John McCain has concluded a strange week of brush-back pitches against Barack Obama, dropping three different attack ads, each seemingly designed to scare up as much mainstream news coverage as anything else. The first, a blistering rebuke of Obama for failing to visit wounded troops at Landstuhl Air Force base during the return from his European swing, is undercut by, you know, a lack of facts on the ground.
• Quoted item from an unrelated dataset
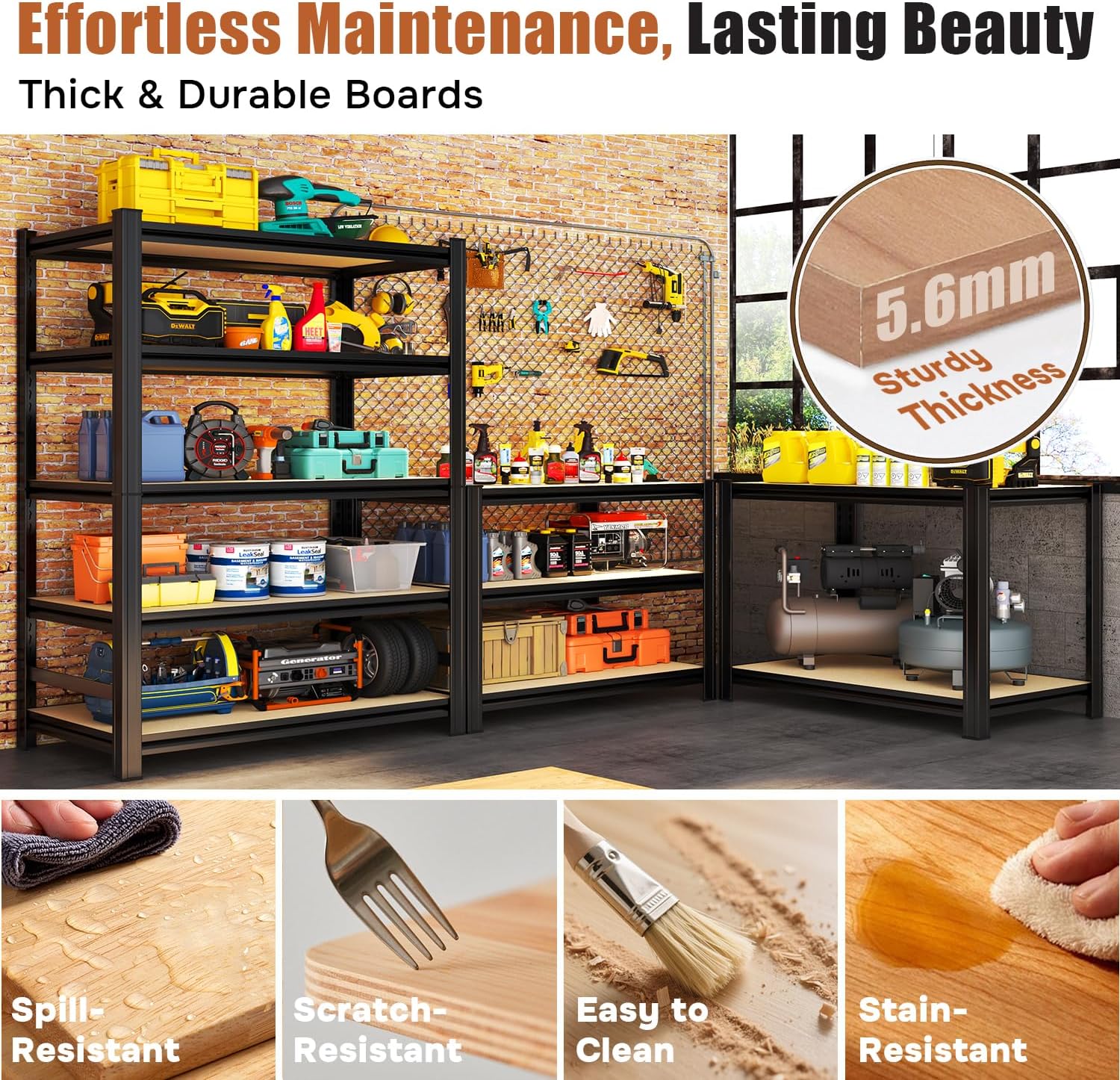 - 💪 COMMERCIAL-GRADE STRENGTH, 2500 LBS BEAST MODE – Don't settle for flimsy shelves. Our garage shelving is forged from high-quality, thickened cold-rolled steel and features an exclusive double-layered column design for unmatched stability. It effortlessly supports a massive 2500 LBS total capacity (500 LBS per shelf). From heavy power tools and packed totes to engine parts, store your heaviest items with absolute peace of mind. Conquer your clutter with confidence!

The second ad — a weird poke at Obama’s celebrity, visually comparing him to both Paris Hilton (whose parents, ironically, are max-donors to the McCain campaign) and Britney Spears, i.e., “an empty vessel” — seems to suggest it’s a bad idea to support an American leader who might also be able to capture the imagination of anyone overseas. (Picking up on this assault on optimism, advocacy group MoveOn.org responded with an ad buy of their own, directed by actor Rider Strong, which mockingly presented hope as a communicable disease.)
Upping the strangeness quotient even further, McCain’s latest ad, titled “The One,” features out-of-context clips of Obama talking up his campaign as part of a movement greater than him, and then closes with a comparison to Charlton Heston’s Moses from The Ten Commandments, ceding, “Obama may be ‘The One,’ but is he ready to lead?”
To me, this isn’t so much a “kitchen sink strategy” as it is the farcical, kids movie version of this scheme, where plastic toys, sofa cushions and a blanket are thrown at a rampaging sibling in an effort to slow his or her momentum. The first ad was a bit scummy (though still fairly mild by the Karl Rove-ian standards of recent electoral politics), but mainly it’s just stupid; this belies the claims of high-road, issues-oriented outreach, and kind of underscores the arm’s-length disdain and condescension with which the McCain campaign has treated the Obama campaign. I know this, though: Treating hope as a piñata, and mocking or questioning as somehow insincere or dubious the optimism and sort of desperate desire to reconnect and repair that a lot of people — many of whom haven’t given two shits about a national political election in decades, if their lifetimes — feel is on a very basic level a bit despicable, and probably a bad political play, too. I know they’re running behind and don’t have the advantage of many intangibles, but this tack didn’t work out very well for Hillary Clinton, in case the McCain camp didn’t notice.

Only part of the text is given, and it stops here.